2番人気に推されそうな今年のダービー馬シャフリヤールは前走・神戸新聞杯の走りがいかにも物足りない。神戸新聞杯出走馬は菊花賞に4頭が出走したが、1頭も馬券に絡むことなく3頭が二桁着順に沈み重馬場で走ったダメージがあったとも言われた。毎日杯をレコード勝ちしながら皐月賞を回避したように、レース間隔をとって使われてきたこの馬はどうなのだろうか。
ちなみにJCを勝ったダービー馬は2009年の牝馬ウオッカが最後。他に勝ったのはシンボリルドルフなど5頭。計6頭というのが多いか少ないかは意見の分かれるところだが、3歳で勝ったのはジャングルポケットだけ。三冠馬ナリタブライアンやオルフェーヴルはJCをスキップ、ネオユニヴァースやウオッカも3歳時は4着、レイデオロや昨年のコントレイルも2着まで。ここ10年で6頭がのべ11回出走したが未勝利だ。

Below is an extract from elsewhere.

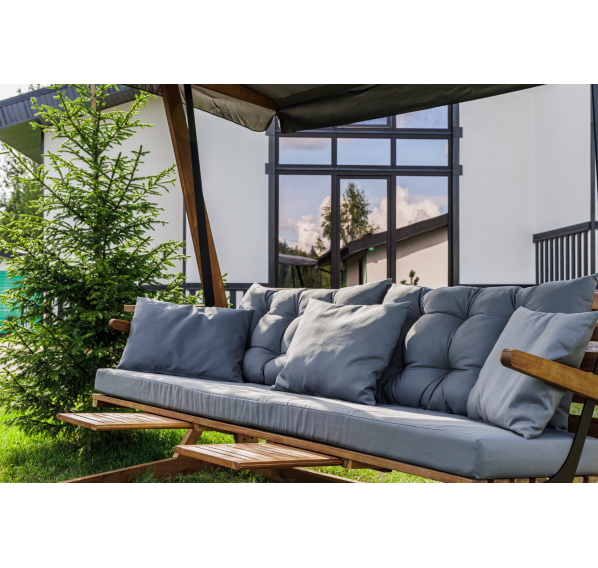 Подушки со съемными чехлами входят в комплект с качелями.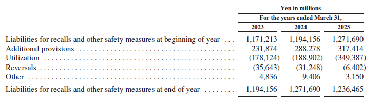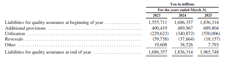 The table below shows the net changes in liabilities for recalls and other safety measures which are comprised in liabilities for quality assurance above for the years ended March 31, 2023, 2024 and 2025.

いっぽうオークス馬はジェンティルドンナとアーモンドアイが連勝しているのを含めて3頭が5勝している。牝馬では2011年にブエナビスタが天皇賞(秋)4着から巻き返しているし、2015年のショウナンパンドラも宝塚記念、天皇賞(秋)とGⅠ連勝中のラブリーデイや、GⅠ6勝のゴールドシップを破っている。
3歳牝馬ではGⅠ未勝利のデニムアンドルビーやカレンブーケドールが2着に健闘している。
近年牝馬が強くなったということはあるにせよ、やはり斤量差が大きいのではないか。
馬格はほぼ互角ながら、コントレイルより4キロ、シャフリヤールより2キロ軽い53キロで出走できるユーバーレーベン。オークス後足元に不安が出てぶっつけとなった秋華賞では力を出し切れなかったが、一叩きした今回は極めて順調だという。オークスでは向こう正面でじわりじわりと位置を上げ、長い直線ではへこたれないスタミナと精神力が光った。
前走府中牝馬で初重賞勝ちをおさめたシャドウディーヴァはオークスで6着だったが、先のBCF&M勝ちラヴズオンリーユーからコンマ5秒、グランプリを3連勝することになるクロノジェネシスからはクビ、アタマ、クビのコンマ1秒差。右回りでは乗りづらさがあるというが、東京芝では【2 5 2 3】。エリザベス女王杯ではなくJCに照準を定めたハーツクライ産駒というのが不気味だ。